Berberine (found in Oregon-Grape, Barberry, Goldenseal, and the roots and bark of a number of plants) is now the focus of attention for use in diabetic care.  In a report from Medical News Today (Diabetes News/August, 2006), a collaboration of Chinese, Korean and Australian scientists at Sydney's Garvan Institute revealed that berberine could be a valuable new treatment for this disease, giving scientific backing for its glucose lowering effects that were documented in Chinese literature and long used in Traditional Chinese Medicine (TCM).  Garvan scientist, Dr.
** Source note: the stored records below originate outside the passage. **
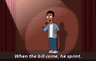 When the bill come, he sprint. CARTER: Yes! So many of them are delinquent in payment.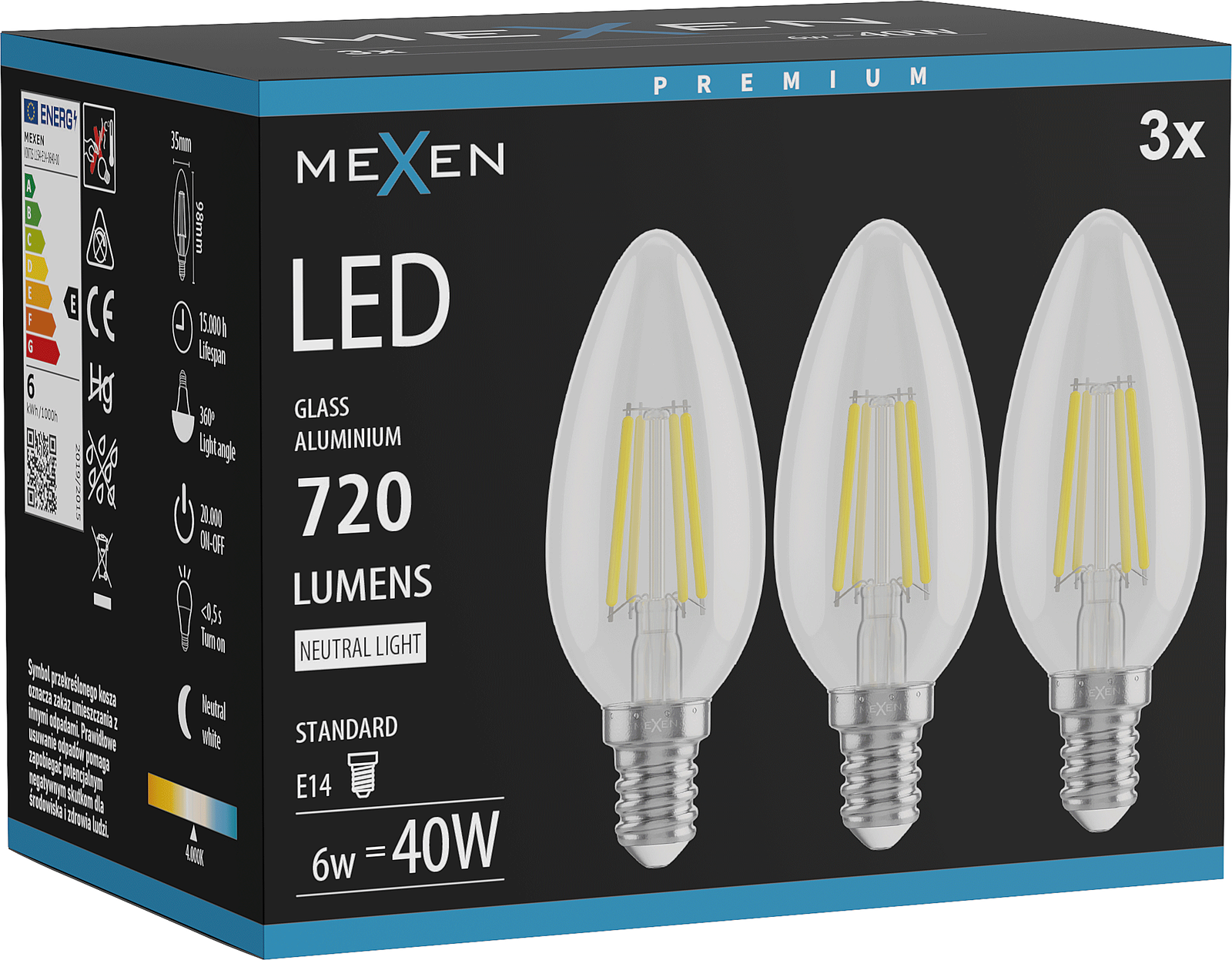 Mexen Vintis 3x Λάμπα νήματος LED E14, C35, 6W, Ουδέτερη - 4000K, 720 lm, διάφανη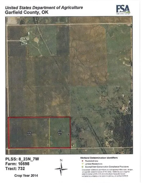Farm #1 (80 +/- Acres): This land is located from Jct. SH 132 & SH 45 (1 mile south of Carrier) 2 miles east on SH 45, then 1 mile north OR 3 miles west of Chisholm School on SH 45, then 1 mile north. This is an outstanding opportunity to purchase 80 +/- acres of land within minutes of Enid & in an area with an abundant amount of water & several irrigated quarters across the road & nearby; in addition to recent housing development in the area. This land offers the perfect combination of highly productive cropland, good grass pasture/hay meadow & a pond. According to the Garfield Co. F.S.A. there are 50.85 acres of cropland with a 50.9 acre wheat base and a 40 bushel per acre yield. The principle soil type of the cropland is mostly Pond Creek silt loam, Class I with a sm. amount of Carwile loam, Class IV along the east edge of the crop field. Improvements include a water well & perimeter & cross fence. Be sure to take a look! 13 Taxes: were approx. $286.00 Legal Description: S/2 SW/4 of Sec. 8, Twp. 23 N., R7 W.I.M., Garfield Co., OK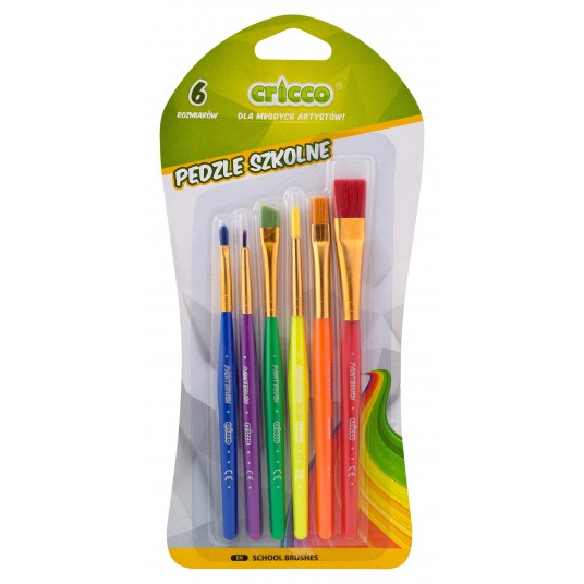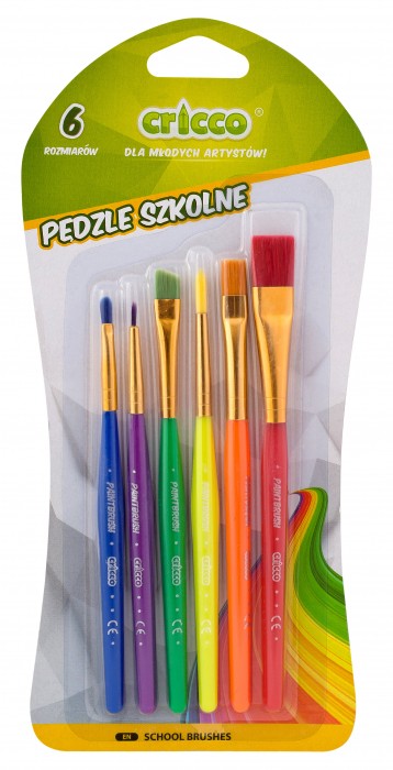 - komplet pędzelków szkolnych z kolorową akrylową rączką - zestaw dostępny jest na blistrze i zawiera 6 sztuk pędzelków o różnych rozmiarach i kształtach końcówki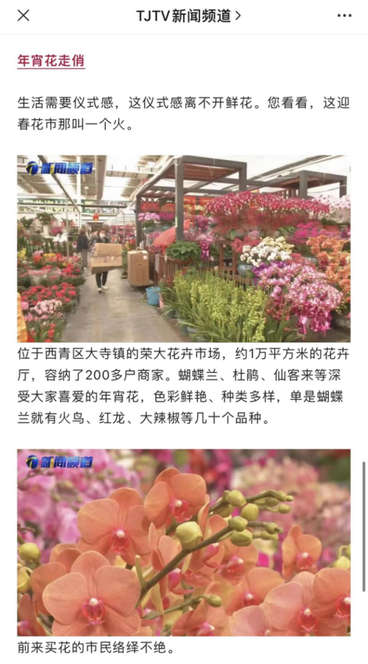 新年春意,花市先知。随着春节的临近,不少市民来到位于西青区大寺镇的容大花卉市场购买鲜花装点家居,为即将到来的兔年春节增添喜庆气氛。近日,天津电视台《天津新闻》刊播新闻《津城年味浓》,报道了西青区大寺镇荣大花卉市场年宵花走俏,满足市民不同消费需求。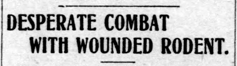 "Desperate combat with wounded rodent."  From the Duluth Evening Herald, 1906.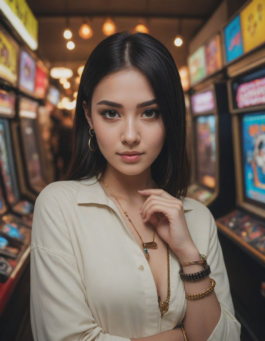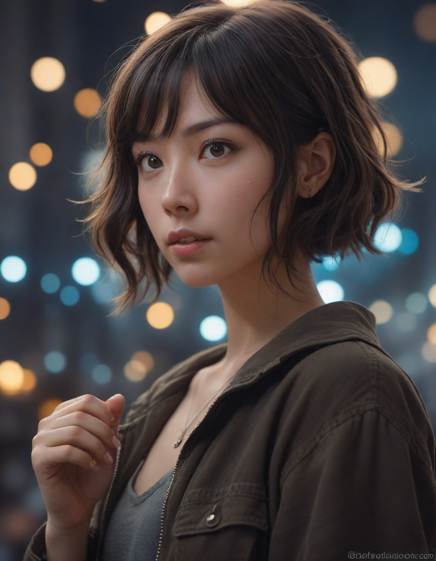 Surrounded by gleaming lights,... (6 loras merged)

Jiming Ye claimed that in lab tests, the berberine activates an enzyme in the muscle and liver that is involved in improving sensitivity of the tissue to insulin, which, in turn, helps lower blood sugar levels.  Moreover, the berberine might help to reduce body weight.  Professor James, the head of Garvan's Diabetes and Obesity Research Program added that despite berberine's widespread use in Traditional Chinese Medicine, it would have to be evaluated following the defined clinical trials process.

Studies in China have shown that an alkaloid in Oregon-Grape Root, called berbamine, can help to protect bone marrow and promote recovery after chemotherapy and radiation therapy.

Contraindications:
Berberine-containing plants (Barberry, Oregon-Grape, Goldenseal, etc.) should not be used by pregnant or nursing women. Those who suffer from hyperthyroid conditions should not take Oregon Grape Root Herbal Supplement, and diabetics should use Oregon-Grape Root only under the supervision of a physician.  There is some evidence that berberine may interfere with the efficacy of tetracycline medications.  High doses (many times the recommended amount) may cause vomiting, lowered blood pressure and lowered heart rate, lethargy, nosebleed, skin, eye and kidney irritation.  Do not take Oregon-Grape Root if you have chronic diarrhea, a duodenal ulcer or excessive stomach acid, as it could make these conditions worse.  Oregon- Grape root is not recommended for prolonged use.